Tuesday, February 5, 2013

Psychedelic Writing Techniques

Surrealism heavily influenced the later psychedelic movement.


The psychedelic movement of the 1960s and '70s drew heavily on the ideas and work of the early 20th century Dada and Surrealist artists. These avant-garde pioneers' insistence on the supremacy of subjective, unconscious reality, rejection of linear, rational thought and their subversive, anti-institutional humor would later become hallmarks of psychedelia. Dada and Surrealist artists recommended a number of prescriptive writing techniques. Foremost among them are the Dada poem, automatic writing, exquisite corpse and the cut-up.


Dada Poems


In his 1924 "Dada Manifesto on Feeble Love and Bitter Love," movement leader, anti-poet and all around prankster Tristan Tzara gives the following "recipe" for a Dada poem:


"Take a newspaper. Take some scissors. Choose from this paper an article of the length you want to make your poem. Cut out the article. Next, carefully cut out each of the words that make up this article and put them all in a bag. Shake gently. Next take out each cutting one after the other. Copy conscientiously in the order in which they left the bag."


Tzara assures the reader that "the poem will resemble you."

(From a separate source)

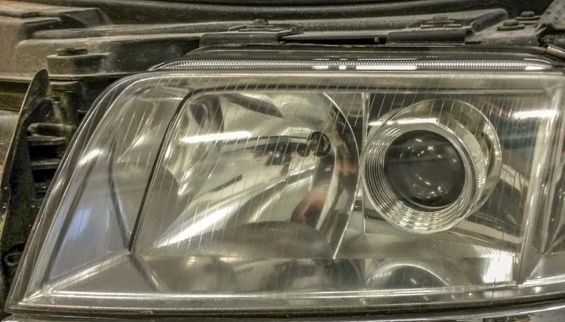 Laturirempan tein eilen ja samalla kun oli taas naama autosta irti niin läksin umpioita puunaamaan. Käytin kuumapuhaltimen kanssa tiivisteliimat auki ja pesin lasit sisäpuolelta. Projektoreissa ei oikeastaan ollut mitään putsattavaa mutta lasit ovat ulkoapäin aika kehnossa kunnossa. Sameat ja naarmuiset.
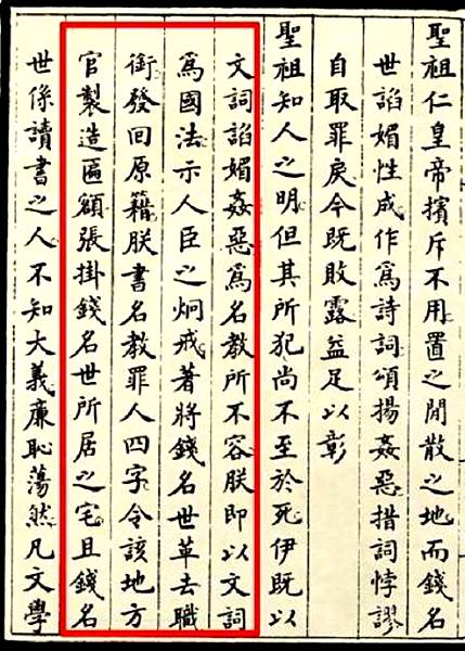 然而,對錢名世的處分還不止於此。雍正帝覺得,掛「名教罪人」的匾,只能把錢名世在他的老家搞臭,還不能充分發揮警戒大小臣的作用。於是,命在京現任官員,凡由舉人、進士出身的,都要仿照詩人刺惡之意,每人寫一首詩贈送錢名世,喜笑怒罵,冷嘲熱諷,越刻薄越好。正詹事陳萬策的詩兩句為:「名世已同名世罪,亮工不異亮工姦。」前一句是說錢名世與康熙晚年因著《南山集》而處斬的戴名世的同罪,後一句是從年羹堯與錢名世都表字亮工說二人同為姦邪之人。陳萬策的詩,無論內容或風格,都深得雍正帝的嘉許,在諸多諷刺錢名世的詩作中,被評為第一名。也有寫這詩而倒楣的。翰林院侍讀吳孝登的詩被認為「謬論」,遣發寧古塔,給披甲人為奴,所受懲罰比正犯錢名世還重。還有侍讀陳邦彥,陳邦直兄弟的詩也有問題而被革了職。這些刺錢之詩,按照雍正的諭旨很快刊刻付印了。據說是武英殿板,雕寫極工,宣紙印題曰《御製錢名世》。這本詩集在雍正朝各省學校都頒發一本,用以教訓準備入仕的讀書人。

Such an approach, utilizing pure chance within a given field selected by the author (the newspaper article), subverts any sense of rational meaning while creating startling, humorous and sometimes revealing images and juxtapositions.


Automatic Writing


The most direct and quintessential Surrealistic writing technique, automatic writing aims at bypassing linear, rational thought and tapping directly into the author's subconscious. The author accomplishes this by sitting before a sheet of paper in a "receptive" state of mind and writing as quickly and thoughtlessly as possible without stopping. The effect is similar to Freudian free association used in psychoanalysis. Authors Andre Breton and Philippe Soupault produced the 1920 novel "The Magnetic Fields" entirely by automatic writing.


Exquisite Corpse


"The exquisite corpse will drink the young wine" reads the first phrase produced through this collaborative Surrealist writing game. There are many variations of exquisite corpse. In the simplest version, one author writes the complete subject of a sentence, and another author writes the complete predicate without knowing what the first author has written. The resulting sentence is often surprising and absurd. In a longer exquisite corpse, one player writes a paragraph, then the next player reads only the last line and continues with the next paragraph, and so on. Exquisite corpse also works to produce psychedelic drawings, paintings and collages.


Cut-Ups


Inspired by Tristan Tzara's dada poetry, American writers Brion Gysin and William S. Burroughs first experimented with cut-ups in the 1950s. A cut-up involves taking a complete, linear, narrative text and cutting the pages in to chunks of varying length, and then rearranging them to form a new text. The cut-up can then be edited and rewritten to form the basis of a new narrative, or left "raw" and unedited. Burroughs made extensive use of cut-ups in his influential 1959 novel "Naked Lunch."